Top of Exercise material
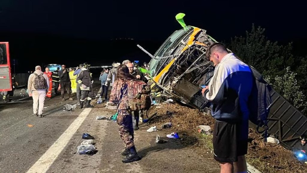 রোববার (৪ জুন) স্থানীয় সময় ভোরে দেশটির দক্ষিণাঞ্চলীয় শহর ভ্যালেসকারদায় ঘটে এ দুর্ঘটনা। বাসটি বিদেশি পর্যটকসহ ৩৮ জন যাত্রী নিয়ে লেসে শহর থেকে রোমের দিকে যাচ্ছিল।
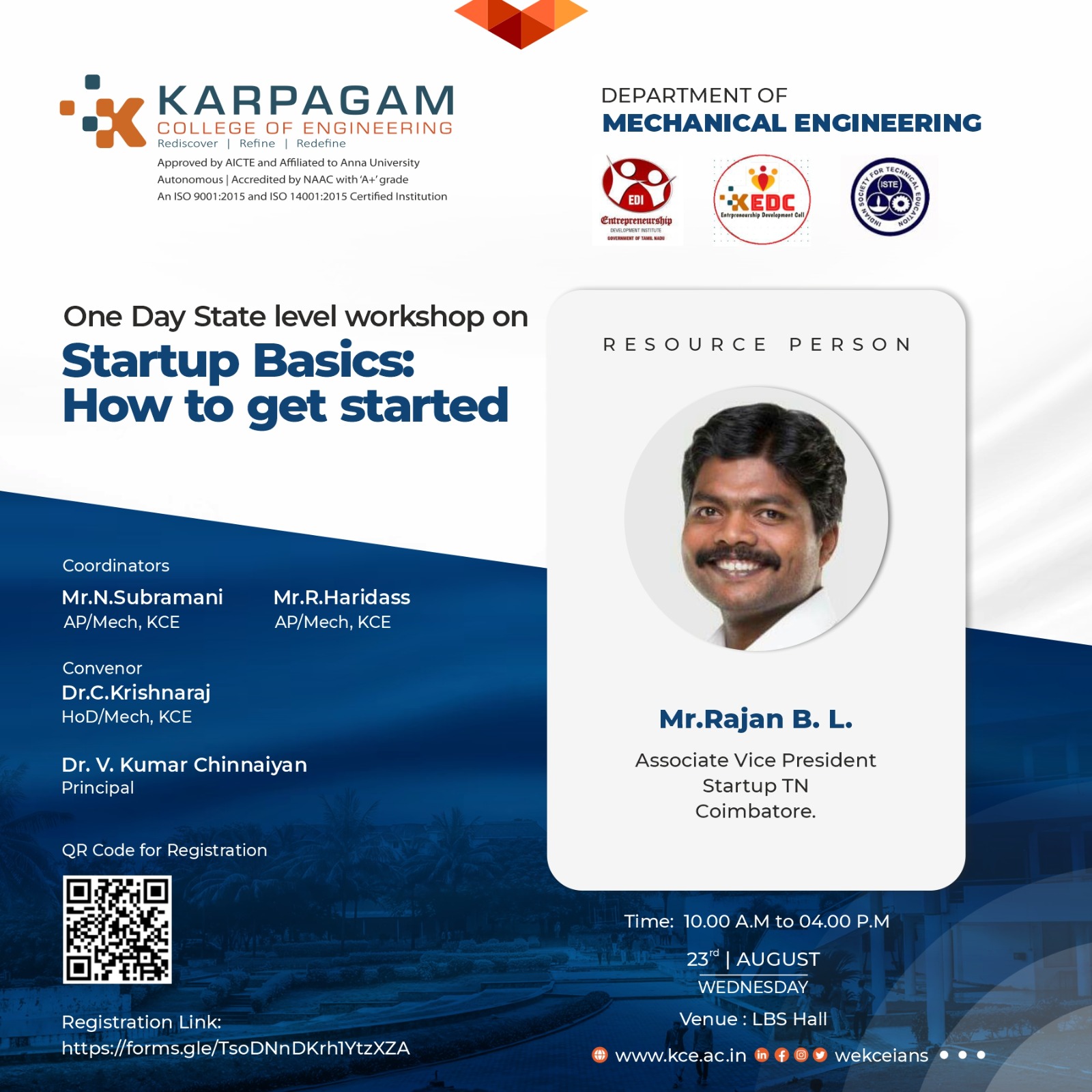 Startup Basics - How to Get Started 2023, Karpagam College of Engineering, Startup Workshop, Coimbatore, Tamil Nadu, 23rd August 2023
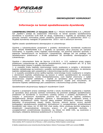 OBOWIĄZKOWY KOMUNIKAT Informacja na temat opodatkowania dywidendy LUKSEMBURG/ZNOJMO (3 listopada 2010 r.) – PEGAS NONWOVENS S.A. („PEGAS” lub „Spółka”) podaje do wiadomości informacje na temat sposobu opodatkowania dywidendy w wysokości 0,95 EUR na akcję, wypłacanej z kapitału ze sprzedaży akcji powyżej wartości nominalnej (dzień ustalenia uprawnienia: 22 października 2010 r.). Wypłata dywidendy nastąpiła 29 października 2010 r. lub w zbliżonym terminie. Ogólne zasady opodatkowania obowiązujace w Luksemburgu Zgodnie z luksemburskimi przepisami o podatku dochodowym dywidenda wypłacona przez PEGAS NONWOVENS S.A. z kapitału ze sprzedaży akcji powyżej ich wartości nominalnej, w wypadku braku kapitału rezerwowego, nie powinna stanowić dochodu z papierów wartościowych na terytorium Luksemburga; dlatego też nie podlega ona opodatkowaniu pobieranym u źródła podatkiem od dywidendy obowiązującym w Luksemburgu. Zgodnie z dokumentem Note de Service L.I.R./N.S. n. 113, wydanym przez organy podatkowe Luksemburga ds. podatków bezpośrednich, oraz przepisami art. 97 § 3(b) luksemburskiej Ustawy o podatku dochodowym: 1. w wypadku braku kapitału rezerwowego kwoty wypłacane w związku z obniżeniem kapitału zakładowego są zwolnione z podatku dochodowego pod warunkiem, że obniżenie kapitału zakładowego jest uzasadnione z ekonomicznego punktu widzenia; 2. w wypadku posiadania przez spółkę kapitału rezerwowego kwoty wypłacane w związku z obniżeniem kapitału zakładowego są zawsze w całości opodatkowane do wysokości kwoty skapitalizowanej; kwota nieskapitalizowana, czyli kapitał utworzony z wpłat akcjonariuszy (kapitał zakładowy i kapitał ze sprzedaży akcji powyżej wartości nominalnej), może uprawniać do nieopodatkowanych wypłat pod warunkiem, że obniżenie kapitału zakładowego jest uzasadnione z ekonomicznego punktu widzenia. Opodatkowanie akcjonariuszy będących rezydentami Czech Zgodnie z przepisami prawa czeskiego dochód z tytułu dywidendy wypłacanej z kapitału ze sprzedaży akcji powyżej wartości nominalnej nie powinien podlegać opodatkowaniu podatkiem od dywidendy w rozumieniu czeskiej Ustawy o podatku dochodowym. W związku z powyższym dywidenda powinna być wliczana do ogólnej podstawy opodatkowania danego podatnika. Zgodnie z obowiązującymi przepisami prawa o podatku dochodowym osoby fizyczne płacą podatek dochodowy naliczany według jednolitej 15-procentowej stawki. Osoby fizyczne, których łączny roczny dochód podlegający opodatkowaniu podatkiem dochodowym (z uwzględnieniem przedmiotowej dywidendy) jest niższy niż 15 000 CZK i/lub osoby, które uzyskują dochód wyłącznie z działalności niesamodzielnej (stosunku pracy), a ich pozostałe dochody, z uwzględnieniem przedmiotowej dywidendy, są niższe niż 6000 CZK, są zwolnione z obowiązku składania deklaracji podatkowych w Czechach. 1 PEGAS NONWOVENS SA (société anonyme) jest wpisana do Rejestru Handlowego Luksemburga pod numerem B 112.044. Adres siedziby: 68-70, boulevard de la Pétrusse, L-2320 Luksemburg, Wielkie Księstwo Luksemburga a Spółka zarejestrowana przez luksemburską Komisję Nadzoru Sektora Finansowego (CSSF) pod numerem E-0043. Osoby prawne podlegają opodatkowaniu podatkiem dochodowym od osób prawnych, naliczanym według stawki 19% od podstawy opodatkowania (zysku) (z uwzględnieniem przedmiotowej dywidendy), chyba że Czeskie Standardy Rachunkowości pozwalają uznać wypłatę dywidendy z kapitału ze sprzedaży akcji powyżej wartości nominalnej jako zmniejszenie wartości inwestycji. Opodatkowanie akcjonariuszy będących rezydentami Polski Jeżeli zgodnie z polskimi przepisami prawa przedmiotowy dochód stanowi wypłatę z kapitału ze sprzedaży akcji powyżej wartości nominalnej, wówczas taka wypłata otrzymywana przez polskich akcjonariuszy powinna być – dla celów polskiej Ustawy o podatku dochodowym od osób prawnych i polskiej Ustawy o podatku dochodowym od osób fizycznych – klasyfikowana jako „przychody z tytułu udziału w zysku“ zagranicznych osób prawnych i podlegać opodatkowaniu: • • zryczałtowanym 19-procentowym podatkiem dochodowym od osób prawnych (bez możliwości odliczenia kosztów uzyskania przychodu), z wyjątkiem sytuacji, gdzie ma zastosowanie zwolnienie podatkowe dotyczące udziału w kapitale (akcjonariusz powinien m.in. posiadać bezpośrednio co najmniej 10% akcji Spółki); zryczałtowanym 19-procentowym podatkiem dochodowym od osób fizycznych (bez możliwości odliczenia kosztów uzyskania przychodu). Spółka nie powinna podlegać obowiązkowi pobierania u źródła podatku dochodowego od osób prawnych lub podatku dochodowego od osób fizycznych z tytułu dywidendy wypłacanej ze środków uzyskanych z emisji akcji powyżej ich wartości nominalnej. Powyższy opis sposobu opodatkowania dywidendy zgodnie z luksemburskim, czeskim i polskim prawem podatkowym ma jedynie ogólny charakter. Inwestorzy mający wątpliwości co do swojego statusu podatkowego na terytorium Luksemburga i/lub kraju rezydencji podatkowej, lub poszukujący określonej porady prawnej, powinni skorzystać z usług swoich profesjonalnych doradców. Informacje przekazane w niniejszym komunikacie opracowano na podstawie przepisów prawa i przepisów wykonawczych obowiązujących na dzień jego publikacji. Spółka nie ponosi odpowiedzialności za jakiekolwiek zmiany przepisów prawa, które mogą zostać wprowadzone po dacie publikacji niniejszego komunikatu. Informacje zawarte w niniejszym komunikacie nie są wiążące dla organów podatkowych w Luksemburgu, Czechach i Polsce. Tym samym nie można mieć pewności, że organy te nie zajmą stanowiska odmiennego od przedstawionego w komunikacie. Omówione powyżej zasady opodatkowania zostały opracowane na podstawie opinii doradcy podatkowego PEGAS NONWOVENS S.A. i nie zostały zweryfikowane przez organy podatkowe poszczególnych krajów. 2 PEGAS N
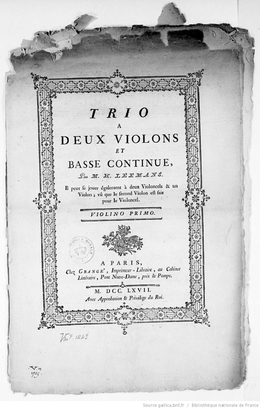 | Alternative. Title | Trio à deux violons et basse continue... Il peut se jouer également à deux violoncels & un violon, vû que le second violon est fait pour le violoncel |
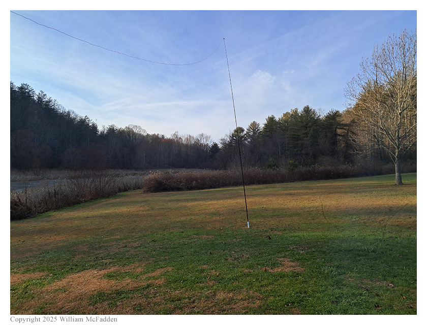 Eric arrived at Bulldog Shelter at 2008 UTC, finding the shelter to be unoccupied. Eric chose a conveniently-located picnic table and deployed his Tufteln (link) 35' EFRW as a sloper supported on a Goture Red Fox Super Hard 720 carbon-fiber mast on a spike, placing three 17' counterpoise wires directly on the ground. Placing his Elecraft KX2 on the picnic table and hooking up the Whiterook MK-33 single-lever paddle and earbuds, Eric was on the air at about 2017 UTC.
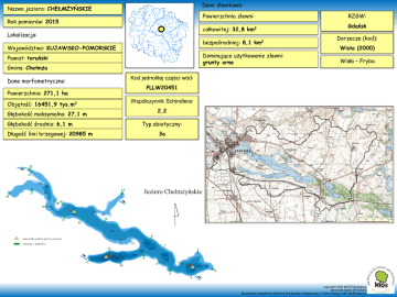 Dane zlewniowe: Nazwa jeziora: CHEŁMŻYŃSKIE Powierzchnia zlewni: Rok pomiarów: 2015 całkowitej: 32,8 km2 Lokalizacja: bezpośredniej: 8,1 km2 Województwo: KUJAWSKO-POMORSKIE Dominujące użytkowanie zlewni: grunty orne Powiat: toruński Gmina: Chełmża Dane morfometryczne: Powierzchnia: 271,1 ha Objętość: 16451,9 tys.m3 Głębokość maksymalna: 27,1 m Głębokość średnia: 6,1 m Długość linii brzegowej: 20985 m RZGW: Gdańsk Dorzecze (kod): Wisła (2000) Wisła – Fryba Kod jednolitej części wód: PLLW20451 Współczynnik Schindlera: 2,2 Typ abiotyczny: 3a copyright 2016 WIOŚ Bydgoszcz opracował: Dawid Strzelecki Wojewódzki Inspektorat Ochrony Środowiska w Bydgoszczy ul. Piotra Skargi 2 85-018 Bydgoszcz Wartości wskaźników uwzględnianych przy klasyfikacji stanu jednolitych części wód powierzchniowych: ELEMENTY BIOLOGICZNE (podstawowe) METRIKS/INDEKS klasa wartość Multimetriks Fitoplanktonowy (PMPL) Multimetryczny Indeks Okrzemkowy (IOJ) Makrofitowy Indeks Stanu Ekologicznego (ESMI) Jeziorowy Indeks Rybny (LFI ) Indeks Makrobezkręgowców Bentosowych (LMI)* 1,57 0,493(2012 r.) II III 0,419 (2014 r.) nie badano 0,645 II - ELEMENTY FIZYKOCHEMICZNE (wspierające) jednostka wskaźnik wart. min. (data) wart. maks. (data) Przezroczystość (krążek Secchiego) m Średnie nasycenie tlenem hypolimnionu (lato) % Przewodność w 20°C µS/cm 438 (05.08.2015) 467 (02.06.2015) Azot ogólny mgN/l 0,93 (06.05.2015) Fosfor ogólny mgP/l Specyficzne zanieczyszczenia syntetyczne i niesyntetyczne z grupy 3.6. - wart. średnia klasa 2,9 > II 4,5 (02.06.2015) 1,3 (05.08.2015) < II 0 0,040 (06.05.2015) 453 > II 1,67 (07.07.2015) 1,22 > II 0,170 (20.10.2015) 0,103 (w granicach błędu pomiaru) > II brak przekroczeń > II skala ocen stanu wód Klasyfikacja stanu jednolitych części wód powierzchniowych elementy biologiczne na podstawie rozporządzenia Ministra Środowiska z dnia 22 października 2014 roku (Dz.U.2014.1482) PMPL ELEMENTY BIOLOGICZNE ELEMENTY FIZYKO-CHEMICZNE (podstawowe) (wspierające) IOJ ESMI LFI krążek Secchiego warunki tlenowe przewodność azot ogólny fosfor ogólny pierwiastki z grupy 3.6., klasa I klasa II klasa III klasa IV klasa V elementy fizyko-chemiczne powyżej stanu dobrego poniżej stanu dobrego stan ekologiczny Ocena elementów biologicznych Ocena fizykochemiczna stan chemiczny stan ekologiczny Dobry stan wód bardzo dobry dobry umiarkowany słaby zły stan chemiczny dobry zły Ocena stanu ekologicznego Jeziora Chełmżyńskiego w latach 2010 – 2015 Wskaźnik Rok badań 2010 2011 2012 2013 2014 2015 PMPL 2,05 1,9 2,6 2,2 1,86 1,57 ESMI 0,421 0,406 0,409 0,409 0,419 0,419 OIJ 0,400 0,604 0,493 0,493 0,493 0,493 2,5 2,1 2,7 2,8 3,1 2,9 0,104 0,092 0,083 0,070 0,071 0,103 Azot całkowity (mgN·dm-3) 1,60 1,75 1,47 1,29 1,17 1,22 Przewodność (20 °C)(µS·cm-1) 445 448 445 433 442 453 słaby dobry umiarkowany umiarkowany dobry dobry Widzialność krążka Secchi’ego (m) Fosfor całkowity (mgP·dm-3) Stan ekologiczny PMPL – wskaźnik fitoplanktonowy (obliczany corocznie na podstawie 6 oznaczeń biomasy i chlorofilu „a”) ESMI – wskaźnik makrofitowy (obliczany raz na 3 lata) OIJ – indeks okrzemkowy (obliczany raz na 3 lata)
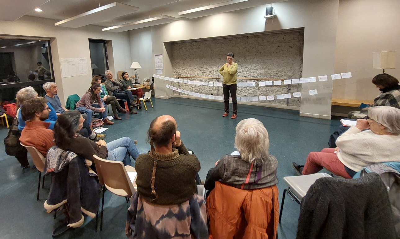 Après une courte introduction permettant de faire la distinction entre besoins essentiels et stratégies pour y répondre (inspirée des travaux de la communication non-violente), les personnes présentes ont été invitées à prendre un temps de réflexion pour choisir, parmi leurs propres besoins essentiels, 4 besoins à partager avec le groupe.
Bottom of Exercise material
▸ **How to complete this task**: Could you transcribe exactly the lines from the start of the records through the line containing "Startup Basics - How", both ends included, leaving the pictures out?

▸ **Answer**:
 রোববার (৪ জুন) স্থানীয় সময় ভোরে দেশটির দক্ষিণাঞ্চলীয় শহর ভ্যালেসকারদায় ঘটে এ দুর্ঘটনা। বাসটি বিদেশি পর্যটকসহ ৩৮ জন যাত্রী নিয়ে লেসে শহর থেকে রোমের দিকে যাচ্ছিল।
 Startup Basics - How to Get Started 2023, Karpagam College of Engineering, Startup Workshop, Coimbatore, Tamil Nadu, 23rd August 2023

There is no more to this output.